Problem statement - Your copy of the data should match it exactly, except that the pictures are gone.

Collected data -
════════════════

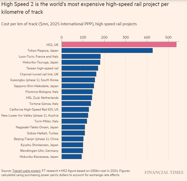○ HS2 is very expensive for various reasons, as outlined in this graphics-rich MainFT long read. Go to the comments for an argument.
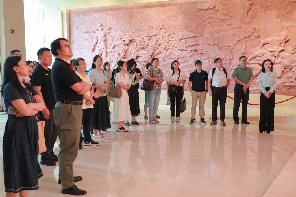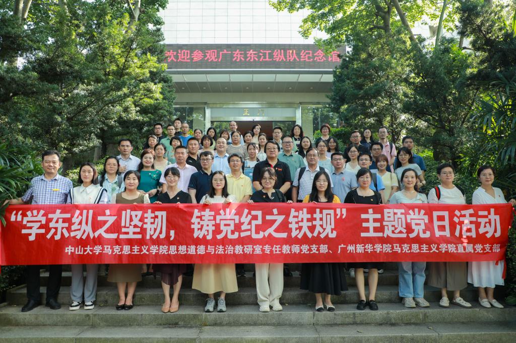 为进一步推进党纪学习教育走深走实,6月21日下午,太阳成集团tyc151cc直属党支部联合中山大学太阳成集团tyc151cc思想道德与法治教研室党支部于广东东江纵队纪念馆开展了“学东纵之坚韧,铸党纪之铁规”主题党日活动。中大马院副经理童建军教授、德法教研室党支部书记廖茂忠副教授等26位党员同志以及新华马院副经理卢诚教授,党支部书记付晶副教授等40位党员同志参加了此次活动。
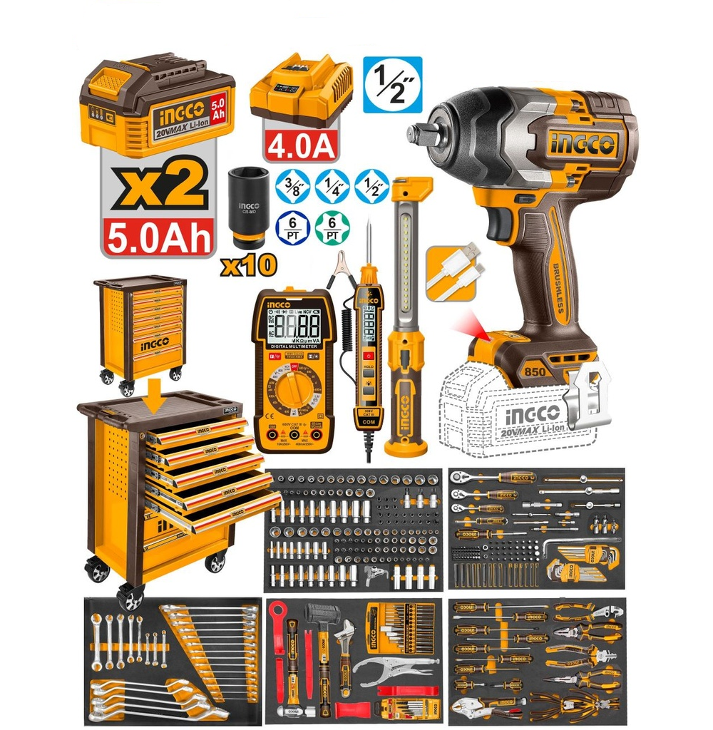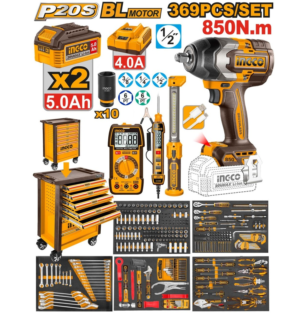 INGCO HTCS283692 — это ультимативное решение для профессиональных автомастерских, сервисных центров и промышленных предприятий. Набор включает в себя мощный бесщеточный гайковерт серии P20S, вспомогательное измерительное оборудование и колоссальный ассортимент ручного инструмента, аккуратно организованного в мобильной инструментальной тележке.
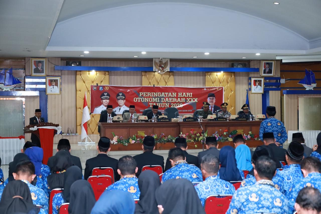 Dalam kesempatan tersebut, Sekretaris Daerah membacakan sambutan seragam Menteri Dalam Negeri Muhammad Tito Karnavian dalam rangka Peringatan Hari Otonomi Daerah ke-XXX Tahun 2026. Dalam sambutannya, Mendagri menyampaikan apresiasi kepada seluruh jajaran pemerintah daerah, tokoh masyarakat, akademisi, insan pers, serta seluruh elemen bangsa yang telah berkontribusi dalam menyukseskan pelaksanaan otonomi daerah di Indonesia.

════════════════

Answer section -
○ HS2 is very expensive for various reasons, as outlined in this graphics-rich MainFT long read. Go to the comments for an argument.
 为进一步推进党纪学习教育走深走实,6月21日下午,太阳成集团tyc151cc直属党支部联合中山大学太阳成集团tyc151cc思想道德与法治教研室党支部于广东东江纵队纪念馆开展了“学东纵之坚韧,铸党纪之铁规”主题党日活动。中大马院副经理童建军教授、德法教研室党支部书记廖茂忠副教授等26位党员同志以及新华马院副经理卢诚教授,党支部书记付晶副教授等40位党员同志参加了此次活动。
 INGCO HTCS283692 — это ультимативное решение для профессиональных автомастерских, сервисных центров и промышленных предприятий. Набор включает в себя мощный бесщеточный гайковерт серии P20S, вспомогательное измерительное оборудование и колоссальный ассортимент ручного инструмента, аккуратно организованного в мобильной инструментальной тележке.
 Dalam kesempatan tersebut, Sekretaris Daerah membacakan sambutan seragam Menteri Dalam Negeri Muhammad Tito Karnavian dalam rangka Peringatan Hari Otonomi Daerah ke-XXX Tahun 2026. Dalam sambutannya, Mendagri menyampaikan apresiasi kepada seluruh jajaran pemerintah daerah, tokoh masyarakat, akademisi, insan pers, serta seluruh elemen bangsa yang telah berkontribusi dalam menyukseskan pelaksanaan otonomi daerah di Indonesia.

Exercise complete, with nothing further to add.